A. It’s very complicated. The only way we have is to do neuroimaging studies and follow up with questionnaires. These are questions that measure whether mothers develop hostility towards the baby, how much pleasure they feel when interacting with it. The scales are validated and will give us a score. What we saw in the first study is that brain changes predicted bonding after childbirth. I do not believe that this association is direct, it must be mediated by other factors, and it is not absolute either. It’s not that if my brain doesn’t change during pregnancy I won’t have a bond with my baby. Now, how do we go from brain, anatomy, brain to bond? Well, all these questions about whether there are hormonal factors that mediate them, immune factors, inflammatory factors, well-being, depression, anxiety, all of this is what we have to finish researching.
Q. Can we talk about maternal instinct in neurobiology?
A. It is very complicated for scientists to give names to things. When you start looking for definitions of instinct, in every possible dictionary, there are subtleties that can make the answer yes or no. For me, it’s yes. We can talk about maternal instinct, but with my mental definition of what maternal instinct is, which is not the desire to be a mother, or that suddenly you give birth and know what you have to do with the baby. For me, the maternal instinct is a motivation to be in contact with the baby. Not even enjoying contact with them, but worrying and being in contact with them to find out what’s going on. Furthermore, if this instinct did not exist, we would have become extinct. Without the motivation to care for a thing that screams and often bothers us, the human being as such would no longer exist.
Q. How long do these changes in women's brains last?
A. We don’t know, but we have indications from other studies that they can be lifelong. We have investigated what happens up to six years postpartum and changes are still seen. But there are other researchers who take large databases, which have tens of thousands of participants, and compare those who are mothers with those who are not. There are even women who are in their seventies in whom specific changes persist. It is also impossible to say exactly if biology is behind these changes or if the environment also influences them. It may depend on the type of upbringing they had, or their lifestyle. There are also studies that associate these changes with the hormonal levels of estrogen to which women are subjected during the nine months of pregnancy, and that in the long term could affect how the woman faces menopause and how she transitions to adulthood.

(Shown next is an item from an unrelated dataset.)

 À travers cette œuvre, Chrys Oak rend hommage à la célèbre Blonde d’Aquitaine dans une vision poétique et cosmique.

Q. And what happens with the following pregnancies?
A. This is what we are researching now, along with possible changes in the brains of parents. But a lot of data is needed to draw conclusions. It is work that takes time.
Q. Is it difficult to find participants?
A. It is very difficult, especially depending on the approach of the study. We need to monitor women before they become pregnant and then during the early postpartum period. You have to do a lot of MRIs, but not all of them are going to be useful because many women who start the study are not going to get pregnant. Others may lose the baby, or simply lose interest because there is a follow-up that lasts many months. It is also economically very expensive. Researchers have to be very motivated to want to invest their time in projects that take much longer than science in Spain allows.

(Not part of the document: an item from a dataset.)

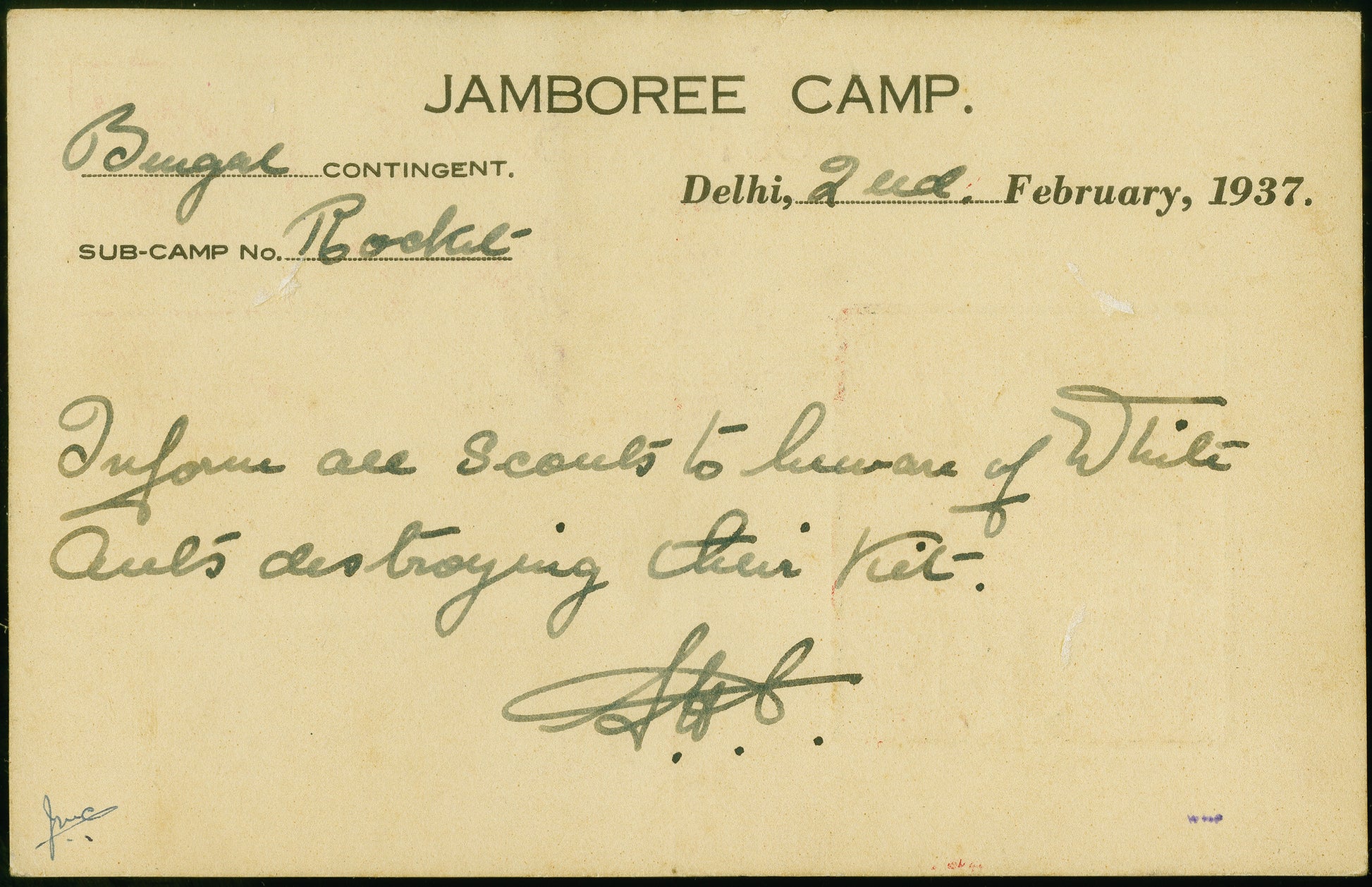 INDIA 1937 Smith Rocket No 137 (Hopferwieser SS38)- Dr. M. Kronstein. Preprinted multicolor card featuring an elephant. Red rocket vignette "ALL INDIA BOY SCOUTS JAMBOREE DESPATCH DELHI 2.FEB.1937" tied by very well-marked Delhi cancellation, addressed to Delhi with Stephen H. Smith's signature on elaborate printed reserve featuring the camp information. Outstanding condition. Rare! Great exhibit item for Rocket, Elephant and Scouts collectors!

Q. In addition to researching a topic about which very little is known, what is this knowledge useful for?
A. Several things. If we take it to the clinical field, the first thing that comes to everyone’s mind is postpartum mental pathology. Today we are trying to predict, treat, and cure postpartum mental pathologies, and we do not even know exactly what happens in a woman’s brain during pregnancy. So, one of the most direct applications would be to try to develop treatments aimed at perinatal pathologies. Understanding how this may affect menopause, or how it may affect women who are at higher risk of developing Alzheimer’s disease, is also important.